Star-Bulletin Features


Tuesday, March 23, 1999



By George F. Lee, Star-Bulletin
Christie Yu-Ling Chang uses a bottle of scent to help bring
a Chinese story alive to a group of students at Star of the Sea School
.



New way to
learn Chinese

Hawaii teacher gives traditional
texts an American character

By Betty Shimabukuro
Star-Bulletin

Tapa

Art Once there lived an old man whose house was at the foot of a mountain. He grew tired of having to walk around the mountain to get to the other side, so he decided to move the mountain. Shovel by shovel he worked, eventually committing his children and grandchildren to the task.

This is where children typically call out, "Why don't they just MOVE?"

The traditional Chinese tale is supposed to teach persistence, patience and loyalty to the family home, but American kids don't get it, says Christie Yu-Ling Chang. Yet the story is typical of those found in Chinese-language textbooks.

Chang, a native of Taiwan, is a University of Hawaii doctoral candidate in linguistics and a Mandarin teacher.
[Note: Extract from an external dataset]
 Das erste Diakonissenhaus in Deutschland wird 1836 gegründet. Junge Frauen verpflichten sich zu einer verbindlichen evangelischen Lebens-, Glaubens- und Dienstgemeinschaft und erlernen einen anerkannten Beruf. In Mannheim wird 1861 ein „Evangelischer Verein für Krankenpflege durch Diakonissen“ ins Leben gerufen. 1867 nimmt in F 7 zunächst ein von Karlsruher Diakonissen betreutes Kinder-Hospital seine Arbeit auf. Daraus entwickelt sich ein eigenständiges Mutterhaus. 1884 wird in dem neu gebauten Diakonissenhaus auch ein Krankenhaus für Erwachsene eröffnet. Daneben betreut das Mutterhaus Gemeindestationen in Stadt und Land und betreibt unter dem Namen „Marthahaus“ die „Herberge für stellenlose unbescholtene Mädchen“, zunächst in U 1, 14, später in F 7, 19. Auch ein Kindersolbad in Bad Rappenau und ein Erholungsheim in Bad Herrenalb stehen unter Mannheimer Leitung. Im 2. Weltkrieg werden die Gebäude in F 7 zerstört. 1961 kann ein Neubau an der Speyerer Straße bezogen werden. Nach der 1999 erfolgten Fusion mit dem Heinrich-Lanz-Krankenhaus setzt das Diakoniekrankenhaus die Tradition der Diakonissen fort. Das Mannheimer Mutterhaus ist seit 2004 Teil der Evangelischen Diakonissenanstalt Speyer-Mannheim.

She estimates she has taught at half of Oahu's 11 Chinese-language schools.

The schools use textbooks from Hong Kong full of stories that are culturally incomprehensible to most American-born Chinese students, Chang says, and this results in difficulty getting students to focus on their language studies. "They just don't see why we are learning Chinese in America."
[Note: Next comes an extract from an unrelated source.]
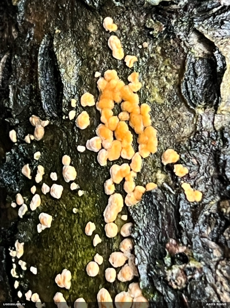 Jā, es par Tavu jau biju pieņēmusi lēmumu par Physarum oblatum, kam ir daudzveidīgas izpausmes, bet pirms gala vārda vēl paņēmu Maritas, kas šķita līdzīgs, bet ar baltu kāju, kas gan neiederētos pie oblatum. Nu un tā jūsu kopdarbs kopā ar Nannengu aizveda līdz rezultātam :)). Šitie dzeltenie ir Dievišķi no skata, bet velnišķīgi priekš noteikšanas.

Chang has teamed up with Flora Lu of the Lucoral Museum and several other Chinese-speakers to produce a new-generation textbook pertinent to American-born Chinese.
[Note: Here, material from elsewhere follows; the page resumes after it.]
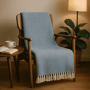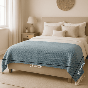 Need a cozy layer that looks as good as it feels? ThisSteel Blue Chevron Cotton Throw is your go-to for effortless style and everyday comfort. Handwoven by skilled artisans in North India, it features a bold chevron pattern in calming steel blue tones, finished with soft tassels that add a playful touch.

Thus the program's name -- Project ABC. Chang is principal investigator; Lu is administrator.

Their aim is to produce a book of stories in Chinese about Hawaii's Chinese people. Chang has begun by interviewing some renowned seniors -- Dr. Francis Lum, Hawaii's first Chinese surgeon, and former U.S. Sen. Hiram Fong, among others.

"Kids need local stories they can read and relate to," she says. "If we can give them stories, especially local stories about people here, maybe children can draw personal experience from these stories."

And in doing so, learn Chinese.

Chang hopes to finish a first draft of the book by the end of the year. She also wants children to contribute stories and illustrations about growing up in Hawaii and hopes they will interview their own grandparents for information.

The finished product then will serve not only as a language text, but an important collection of stories preserving the history of the Chinese in Hawaii.

"Basically, we see ourselves as a bridge," Chang says. "We connect generations and we connect American-born Chinese with their Chinese heritage."

Tapa

Different strokes

The Chinese name of Christie Yu-Ling Chang's book will be "Wo Shi Zhong Wen Ren," literally, "I Am a MiddleNation Person." This is the way she often hears Hawaii students identify themselves as Chinese. The wording is actually wrong, though, as the character "wen," as they typically write it, actually means culture or literacy, not nation.

"I've always remembered the term as a creative usage, rather than an incorrect one," she says. And it is fitting for Project ABC with it's emphasis on literacy, not national or political identity.